Well… since Wyatt is 13 months old in 5 days, I’d say this update is LONG OVERDUE!
I’ve been so disconnected from WordPress lately. For those of you who I have on Facebook or Instagram, I try to keep up on there. Turns out, chasing after a toddler and running my own business take up WAY MORE time than I anticipated.
I considered whether it was the end of Awaiting Autumn, but I don’t feel like I’m ready to make that decision. I still have A LOT to say about infertility and pregnancy loss. I’d like to keep this going… for now, at least.
Wyatt’s now been in daycare for well over 2 months. Some days he’s there for a full 8 hours, other days it’s only a half day or so. I try to keep him home with me one day a week if I can fit it in. He absolutely loves daycare and all his friends. He’s adjusted so well.
Turns out, my kid is WAY MORE extroverted than both my husband and I. We joke that we can’t believe how much energy he has sometimes. Mike is quickly learning that coming home from work no longer means downtime.
My social butterfly is doing well with other kids. I noticed how much daycare has changed him when his one little friend came over for a playdate. Wyatt basically went up to him and gave him a hug. Before starting daycare, he was much more apprehensive about other kids. He totally loves being around people, but sometimes needs his quiet time too. The daycare ladies have told me that he doesn’t like it when other kids are upset or if it’s too loud after his nap time. I joke this is his sensitive nature coming out.
The sickness trend continues. Wyatt’s been sick every other week since starting daycare. Last week was pink eye. I’ve never been so sick myself. I know I need to focus on self care a bit more (translation: not working late nights) to ensure I keep us both healthy.
Wyatt started taking steps about a month ago. He’s not walking all the time yet, but he definitely is walking unassisted. He’s so proud of himself for learning how to do it.
He’s also turned into a major bookworm. His favourite activity is reading. He has books in our bedroom, the living room, the kitchen, the bathroom, the car – basically everywhere. The first thing he does every morning is reach for a book. It warms my heart to see him so engaged in reading. He would rather read a book than watch tv. If he’s having a bad day or I REALLY need to get something done, I’ll sometimes stream Sesame Street for him.

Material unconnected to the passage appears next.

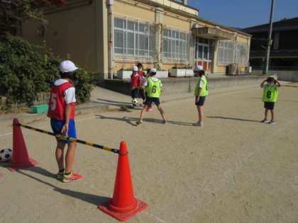 パス練習とミニゲームを行いました。パスはまだまだ力加減や蹴る方向が難しいようですが、シュートを決めようと真剣に頑張る子ども達の姿が見れました。

He’s also talking quite a bit more. His vocabulary includes, “Mama, Dada, Max, Bella, Buh-bye, Uh-oh, What, Yeah..” and he makes a few animal sounds, like “Baaa, Mooo, Eeekeek (monkey).” He also blows kisses which is something daycare taught him. ❤
Guess what? We are still co-sleeping, cloth diapering and breastfeeding (bet you didn’t see that one coming – haha!). I am doing good at keeping up with pumped bottles for daycare, so we haven’t done any transition to milk yet.
I miss my little baby. I often look at photos of Wyatt when he was fresh and wish I could hold him like that again. But, I’m amazed at the smart, caring and sensitive little boy he’s becoming.
As for me, I’m good. Life is crazy right now. I’m working on finding balance. It’s been an enlightening process running my own business.These days I’m focused on clarity, intention and boundaries. I’m learning a lot – especially how to trust in the flow of life . That sense of trust is definitely something I acquired after facing infertility. My type A personality has shifted.
I’m also living more in the moment. We spent so long – so many years – focused on trying to get our baby here. I want to soak up these moments before we blink and he’s all grown up. We booked a family vacation next month to Florida. We’re meeting my brother and his family there. Wyatt will get to play with his cousins and we can visit with some of my husband’s family who live nearby as well. I’ve never taken a trip like this – especially not one that was booked so spontaneously. It feels great to know I can do this and that I can set my own schedule to make it happen.